Anna Llordés, a chemist at Lawrence Berkeley National Laboratory's Molecular Foundry, looks for simple, inexpensive ways to make "smart" materials that save or store energy. One way she and her colleagues do this is by combining metal oxides that have desirable properties.
What they don't know is how these materials will act in combination: Will the resulting composite retain the desirable structures and properties of its individual ingredients? Will the ingredients influence each other – for good or ill? And how can she tell what's really going on?
That's where Beam Line 11-3 at SLAC's Stanford Synchrotron Radiation Lightsource (SSRL) comes in.
"11-3 is a really important beamline for us when we're developing a new material," Llordés said. "It allows a quick but detailed evaluation of the crystalline structure of thin films."
Take, for example, one of their latest discoveries: a new type of transparent smart film that can be applied to a pane of window glass to control the amount of sunlight or heat that enters a room, thereby cutting electricity costs. These films have "electrochromic" properties, meaning the amount of sunlight they let through can be changed by applying a voltage. The ability to selectively filter different wavelengths of light is a new – and hard-won – development in what's called "smart window" technology.
Llordés and her co-workers created this particular film by combining nanocrystals of tin-doped indium oxide (ITO), which absorbs infrared energy, with niobium oxide glass, which screens visible light.

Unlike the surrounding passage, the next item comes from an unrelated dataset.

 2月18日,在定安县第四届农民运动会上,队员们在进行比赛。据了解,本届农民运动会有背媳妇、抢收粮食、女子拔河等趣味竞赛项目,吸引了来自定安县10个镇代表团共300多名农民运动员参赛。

What was surprising, she said, was the synergy between the two materials. "When the ITO nanocrystals bond to the glassy niobium oxide, you get better properties that you'd expect," she said. In particular, the niobium oxide is much improved as a window coating – it's five times better at blocking light than niobium oxide without nanocrystals. In addition, the composite material stands up better to repeated on-off cycles.

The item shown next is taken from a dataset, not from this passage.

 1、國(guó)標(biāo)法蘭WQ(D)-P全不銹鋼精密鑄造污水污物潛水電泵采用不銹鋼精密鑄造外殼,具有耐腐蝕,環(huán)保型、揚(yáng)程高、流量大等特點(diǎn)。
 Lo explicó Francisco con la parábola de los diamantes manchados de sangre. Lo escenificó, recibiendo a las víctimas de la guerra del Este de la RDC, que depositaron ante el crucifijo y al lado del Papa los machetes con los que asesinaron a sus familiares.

But why the big improvement? And what nanocrystal-in-glass recipe resulted in the best film?
To find out, Llordés used a technique called grazing incidence X-ray diffraction at Beam Line 11-3 to study the structures of films that had been processed at temperatures ranging from 400°C to 650°C. She discovered that the film with the best qualities forms between 400°C and 500°C.

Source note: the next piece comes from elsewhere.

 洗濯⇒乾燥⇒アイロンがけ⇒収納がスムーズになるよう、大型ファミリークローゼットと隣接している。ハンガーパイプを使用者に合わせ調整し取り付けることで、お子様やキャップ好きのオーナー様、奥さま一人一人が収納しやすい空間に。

She also discovered the film is a glassy matrix that actually incorporates the ITO nanocrystals into its structure, instead of simply trapping them as impurities. The glass molecules bond with the nanocrystals, changing the structure of the glass and affecting its properties. It's this bond that makes the whole of the film so dramatically better than the sum of its parts.
"The work on 11-3 helped us prove we had a very unique composite material," Llordés said, and during her most recent trip to the beamline, she investigated materials that are even easier and more energy-efficient to produce.
Finding new, useful materials that are energy-efficient to produce is her driving interest, said Llordés, Beamline 11-3 helps her do that.
But SSRL has another meaning for the native Spaniard, as well.
"When I first came here three years ago, the people at SSRL were very helpful and welcoming," she said. "They explained how to run the experiments, and they were always open, fun and ready to talk science.
"I'm always happy when I need to come to SSRL."